You have set personal deadlines for your book. You have set personal timelines for fleeing. The former is far too early, the latter is far too far away. But they are appropriate, because you selected these dates in a moment of clarity. What kind of character can’t hold up personal deadlines, anyway? I guess the kind of character that cannot live in the same place for more than nine months, and the same character that cannot hold a relationship for more than the same amount of time.
Those activities that you do to save yourself from insanity (writing a book, casual drinking, frugality) end up as a contributing factor.
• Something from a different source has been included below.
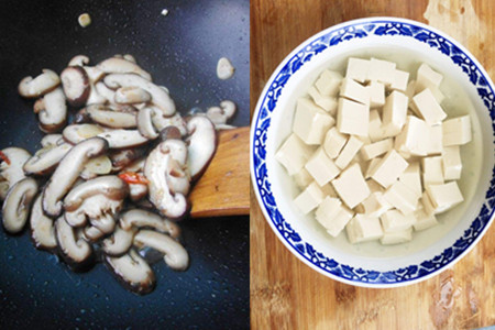 3、把新鲜的豆腐切成小粒,把它浸泡在淡盐水之中,浸泡大概十分钟左右即可。豆腐泡盐水,既可去除豆腐的豆腥味,又可以使豆腐不容易破碎。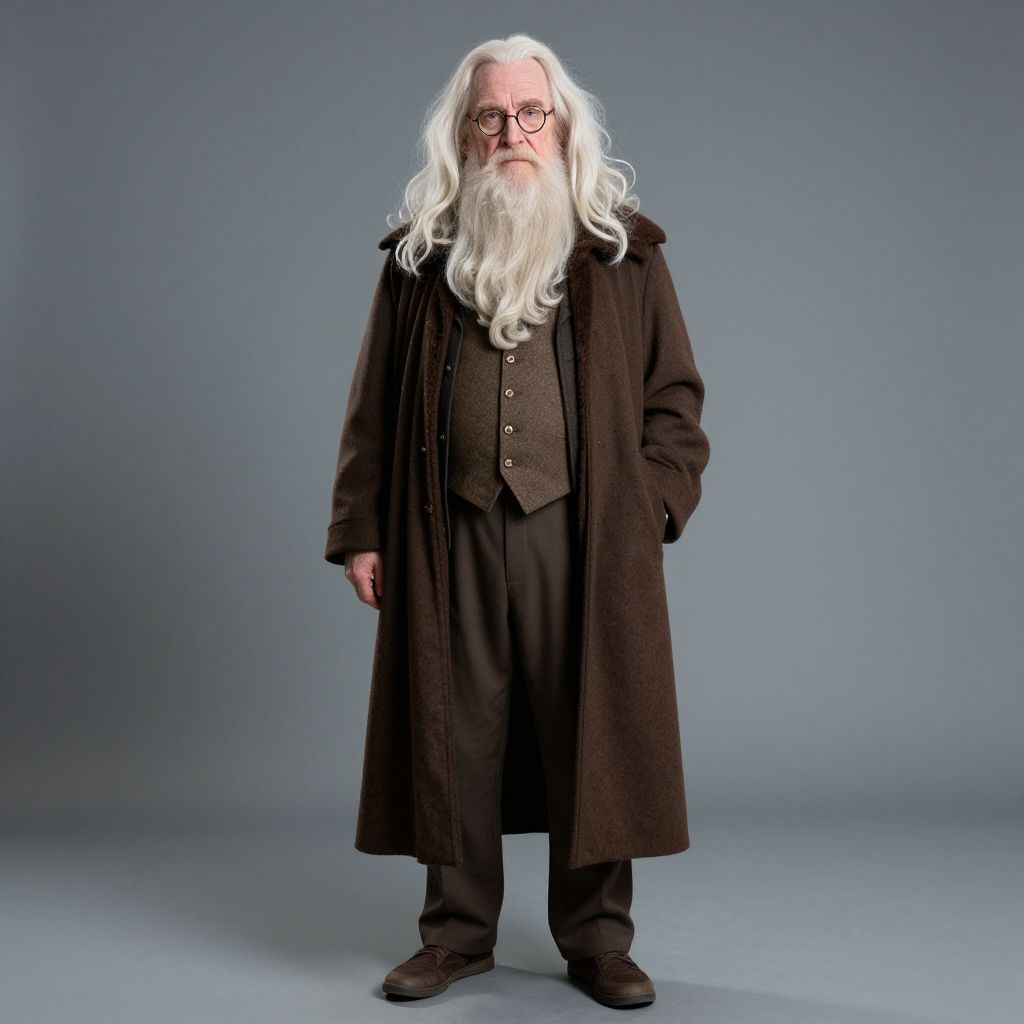 Photograph of an elderly man with long, wavy white hair and a full white beard. He wears round glasses, a dark brown waistcoat over a matching shirt, black trousers, and brown shoes. Over his outfit, he dons a long, dark brown overcoat. He stands against a plain, gradient blue-gray background with his hands in his coat pockets. The lighting is even, highlighting his distinguished, wise appearance. The overall style evokes a classic, wise, and slightly mysterious figure.

Friends that you spend time with can’t do much to remedy your issues. Holidays can’t come soon enough. There isn’t enough angry or sappy music to play in one evening—the Descendents only wrote so much music.
Your instinct is to flee. A damaging, selfish, immature instinct, but one you have perfected without even knowing that you practiced it. Now you try to combat your instinct by sticking around for ‘a year minimum’ to prove to yourself that you are an able decision-maker and even-keeled human.
As a reponse to all this you are drinking boxed wine playing crokinole alone in the living room at 1am. The only depressing part of that sentence is that many have never played crokinole before.